If the student withdraws without official notice from distance education courses, the institution must determine the “last day of attendance,” which is defined as the last time the student participates in one of the activities identified as “active engagement” in the course. Examples include taking a test, submitting a paper, or participating in an online discussion about content. Simply logging into an LMS does not count. This determination of “last day of attendance” is a higher bar for online courses than what is required for in-person courses.
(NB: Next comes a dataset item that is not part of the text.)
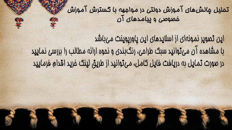 پاورپوینت کامل تحلیل چالشهای آموزش دولتی در مواجهه با گسترش آموزش خصوصی و پیامدهای آن

To begin negotiations, the Department cited some instances of institutions failing to adequately document the “last day of attendance” or knowingly adjusting the date to lower the amount to be refunded. The Department proposed the following to “simplify” and improve the accuracy of determining the student’s last day of course activity:

  1. Require that attendance be taken in all distance education courses. While they used the word “attendance,” they still seem to mean documenting the last instance of academic engagement for each student. An exception for dissertation research courses was added.
  2. Within 14 days of a student’s last date of attendance, document a student’s withdrawal date.

There was little discussion of this issue during negotiations other than trying to add additional exceptions. The Department said that this would “simplify” the process because institutions are already tracking all academic activities in their LMS. We talked to individuals from several institutions and we reached out to NASFAA (the financial aid organization) about the proposal. With the exception of fully-online institutions and those that are already attendance taking, all of those who responded agreed this would not “simplify” the process and would add more work. They also felt that they are aware of the “last day of attendance” requirement and are able to document it correctly. This regulation would result in more work to arrive at the same artifact that documents the student’s last activity.

Regarding the “14 day” requirement, we will need to clarify the Department’s intent. At one point they said that this would prompt the institution to follow-up with absent students and try to re-engage them. At another time, it sounded like a fixed deadline. Institutions will need to document excused absences for students who (for example) are known to be ill or on temporary military duty. Some institutional personnel said that with post-traditional students, it is common for students to not participate for two weeks (due to personal or work issues), but still complete the course successfully.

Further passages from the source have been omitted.